### RECORDS PROVIDED:

= Beginning of Section =

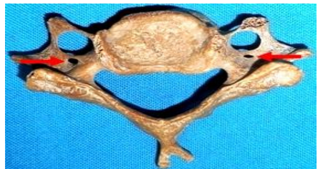
Figure 2: Superior aspect of typical cervical vertebra showing arrows pointing at complete accessory FT present bilaterally.
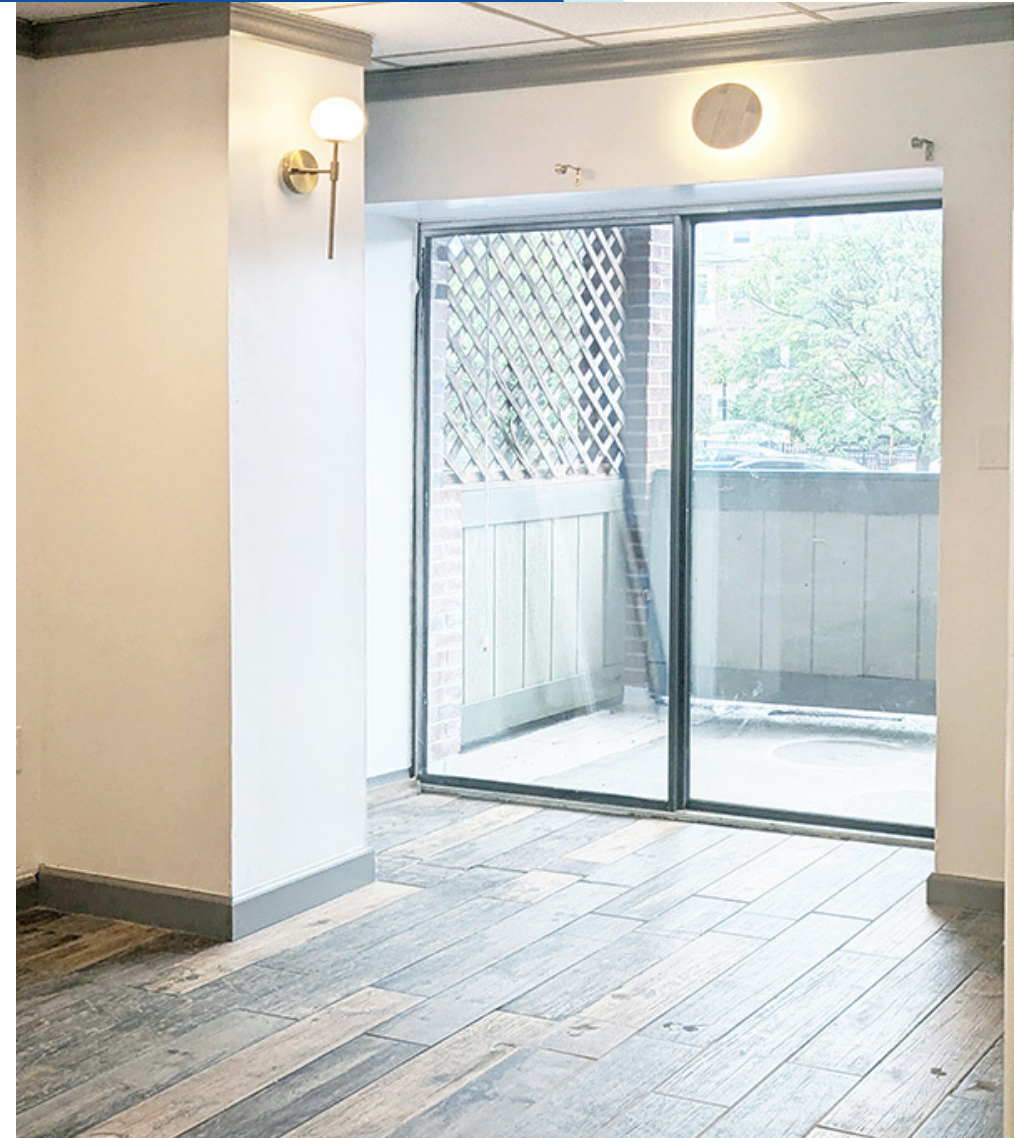
Second Floor Unit B

JOSEPH LATINA, SIOR Managing Principal O: 302.530.1233 | C: 302.414.1000 jlatina@LMTCRE.com
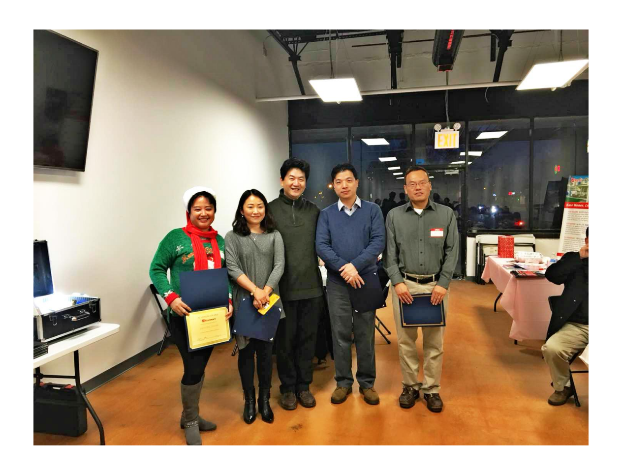
Me mory 4: Gift exchange program
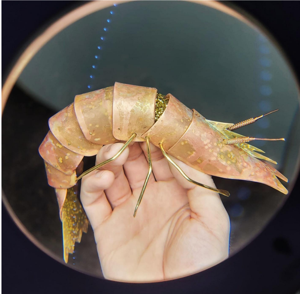
Figure 5: Ghost Shrimp

= End of Section =

### TASK TO COMPLETE:
Without including the pictures, return each record above exactly as it stands.

### OUTPUT:
Figure 2: Superior aspect of typical cervical vertebra showing arrows pointing at complete accessory FT present bilaterally.
Second Floor Unit B

JOSEPH LATINA, SIOR Managing Principal O: 302.530.1233 | C: 302.414.1000 jlatina@LMTCRE.com
Me mory 4: Gift exchange program
Figure 5: Ghost Shrimp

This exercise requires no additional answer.